The Cost Is Front-Loaded
The common understanding of partnership failure positions the cost at the end: the missed revenue, the relationship capital spent, the months lost to a wind-down conversation that should have been a re-scoping conversation six months earlier. That accounting is real but incomplete. The actual cost was paid at the beginning, in the planning phase, when the questions that felt premature, uncomfortable, or likely to slow the deal were deferred.
The specific questions that get deferred are predictable. What does success look like at the twelve-month mark in concrete terms, for both parties separately? Who owns the decision when the two parties disagree on resource allocation? What happens to shared assets and introductions if one party wants to restructure the relationship? These are not difficult questions in the abstract. They become difficult in the presence of momentum, because asking them signals doubt about the partnership that neither party wants to introduce when the energy of alignment is fresh.
That dynamic, moving through the planning phase on relationship energy rather than structural work, is what BCG identifies as early misalignment that leaves partners underprepared to address strategic, operational, and economic challenges that surface later. It is also exactly what a founder does when the economic pressure to close the partnership is higher than the personal tolerance for friction in the room where the partnership is being designed.
The founders who get this right tend to have one thing in common: they treat pre-agreement discomfort as signal. A partner who pushes back on governance terms, who wants to spend more time defining decision rights before signing, who insists on an explicit exit clause, is doing the diligence that saves both parties from a harder conversation later. Selecting against that behavior because it slows the deal is selecting for a cleaner start and a messier end.
onSpark was built around the premise that the quality of a partnership is determined before the agreement, in the specificity of the match and the structure of the early conversations, which is why access to the right counterparty and the right framework before the relationship is formalized makes a material difference to whether it survives past the first hard moment.

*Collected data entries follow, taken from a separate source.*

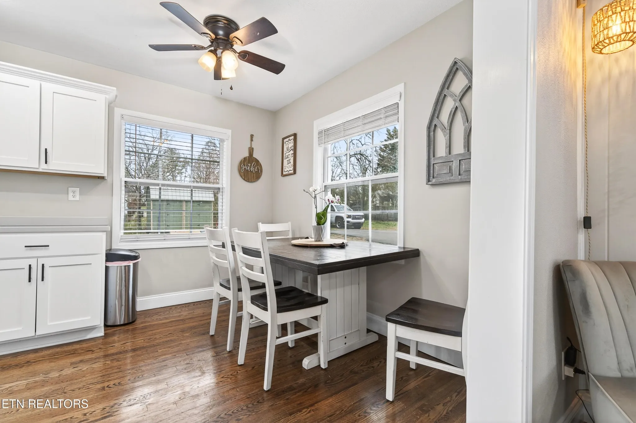 Step back in time without sacrificing a single modern convenience. This stunning 1952-built cottage at 120 Mitchell Street is loaded with curb appeal, featuring custom-built window boxes and a welcoming covered front porch. Inside, you’ll find 1,253 sq. ft. of meticulously maintained space anchored by beautiful hardwood flooring and a spacious living room centered around a cozy wood-burning fireplace. The heart of the home is the fully updated kitchen, boasting sleek quartz countertops, premium stainless steel appliances, a built-in pantry, and a bright eat-in area. The true showstopper is the private primary suite, which spans the entire second floor for ultimate privacy. Enjoy crisp Tennessee mornings on the large open back deck overlooking a prime downtown lot. Character, updates, and location–this home has it all!
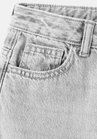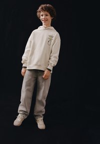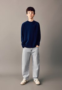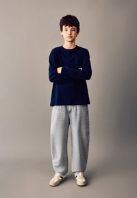 Najstniški fant stoji z rokami v žepih, oblečen v mornarsko modro majico z dolgimi rokavi, svetlo sive kavbojke in bele superge, na preprostem ozadju.
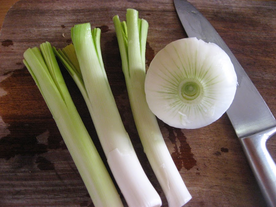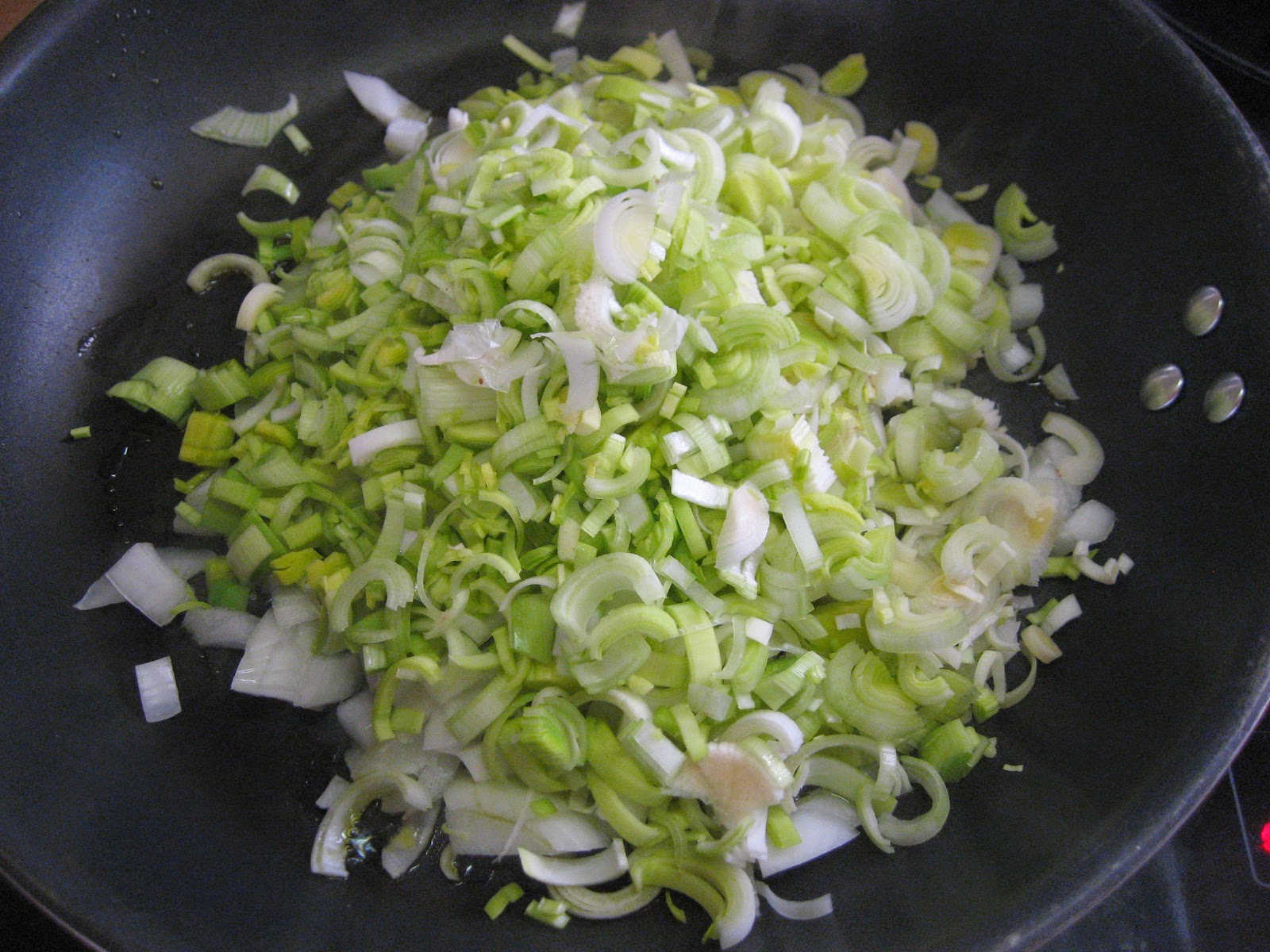 1º " Cortamos los puerros y la cebolla tierna y lo ponemos en la sartén para que se vaya pochando, a fuego lento. No queremos que nos quede muy tostada.
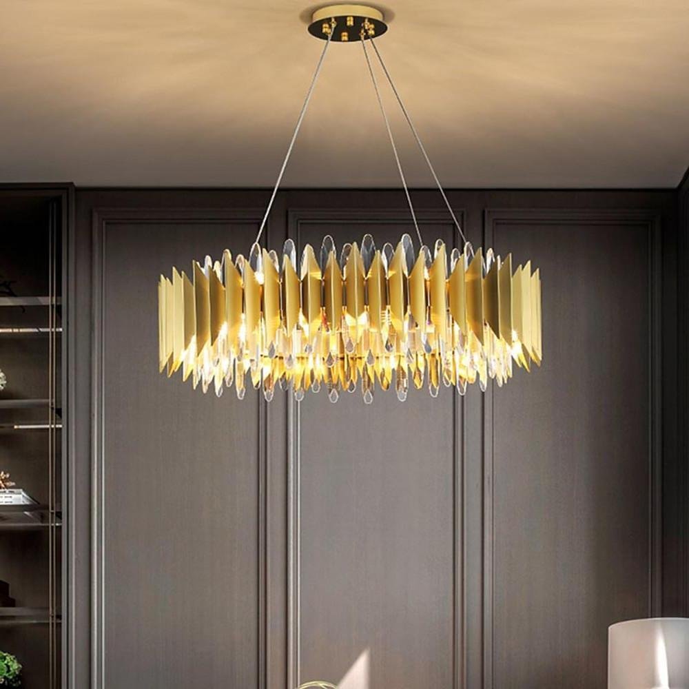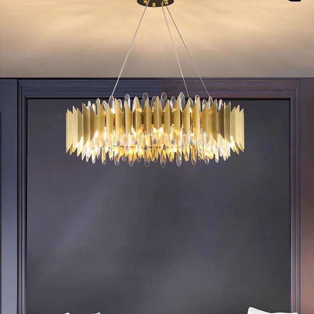 - An outer ring of electroplated stainless steel complements the crystal shade, offering a modern aesthetic suitable for various rooms including the living room, bedroom, dining room, kitchen, hallway, and office.
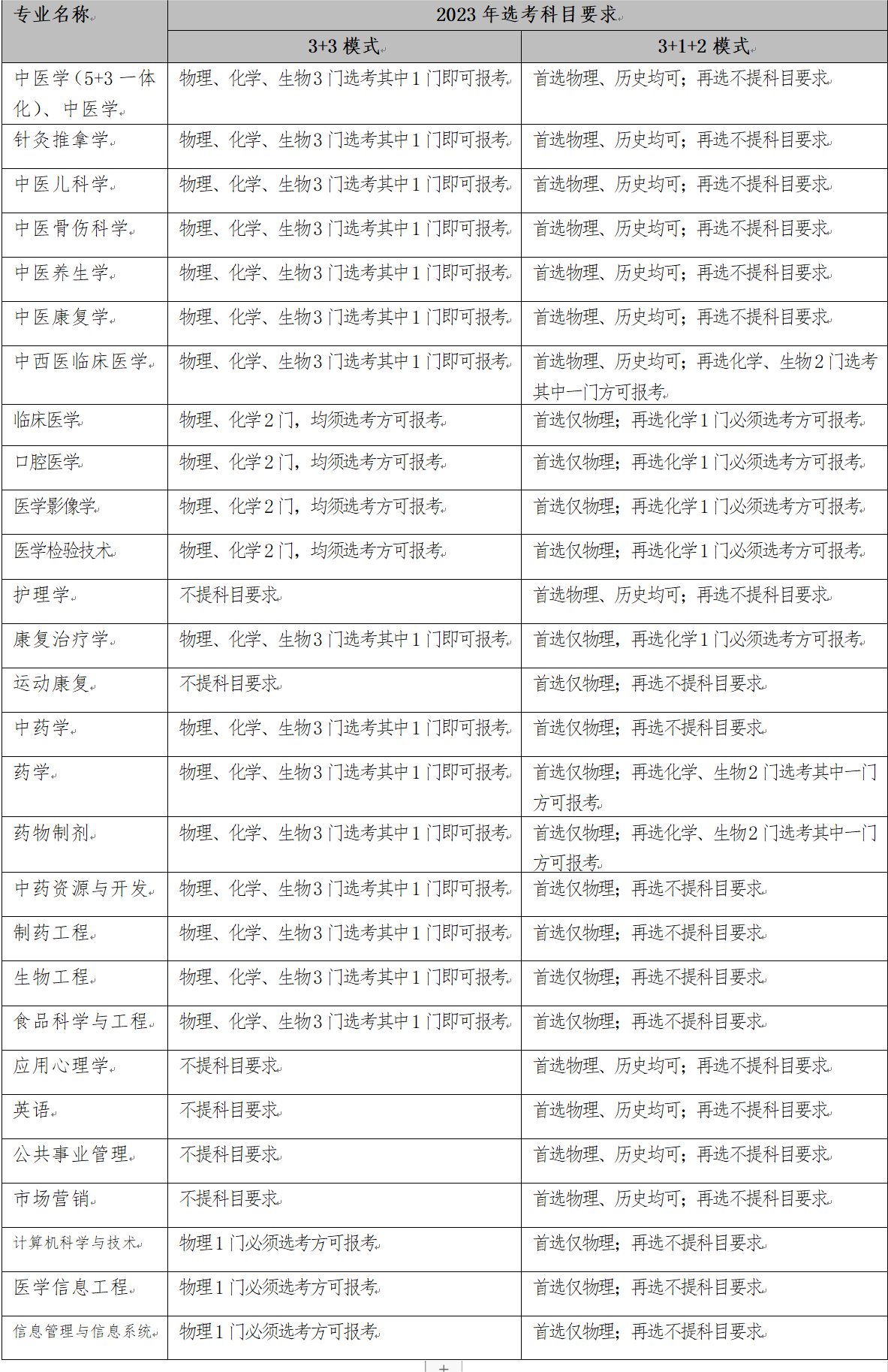 2023年招生专业选考科目要求情况
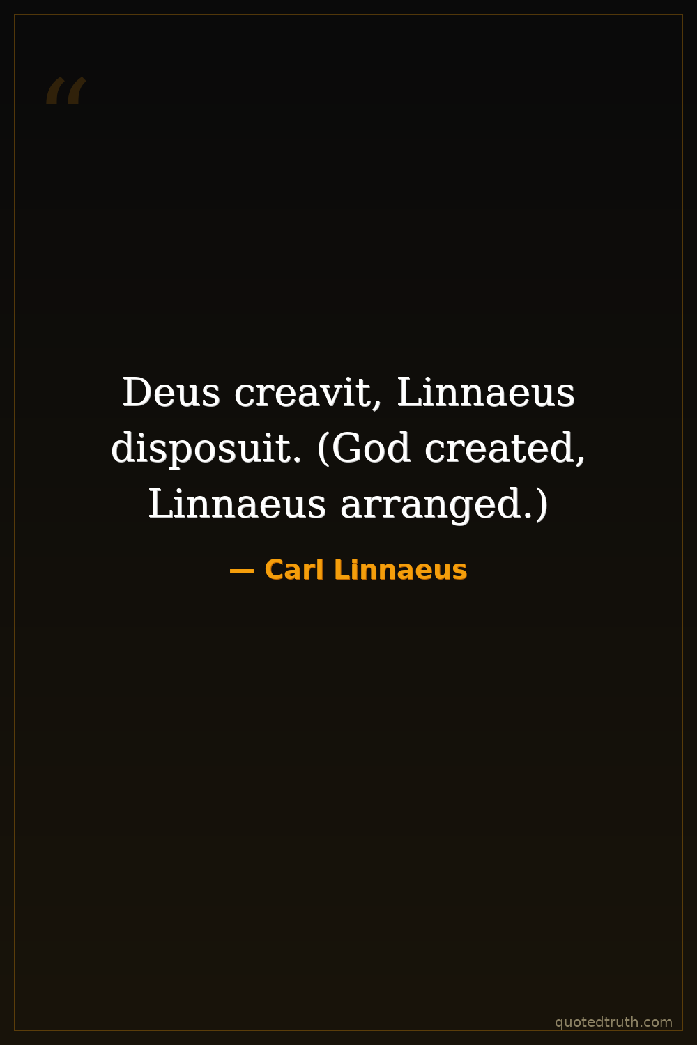 Deus creavit, Linnaeus disposuit. (God created, Linnaeus arranged.)

The Discipline the Market Is Not Rewarding
What 2026 has clarified is not new information about why partnerships fail. BCG is documenting the automotive industry's version of a failure pattern that looks nearly identical across sectors, industries, and company sizes. What is new is the economic stakes. When partner-led revenue represents half a company's growth trajectory, a failed partnership does not cost a quarter's momentum. It costs a structural position in the market.
The founders who will build durable revenue through partnerships in this environment are not the ones who move fastest. They are the ones who understand that the speed with which they move through the planning phase and the durability of what gets built are directly inversely related, and who treat the pre-agreement period as the most consequential investment they will make in the relationship. Every question that feels premature before the agreement becomes expensive after it. That cost does not arrive later. It is already there, waiting.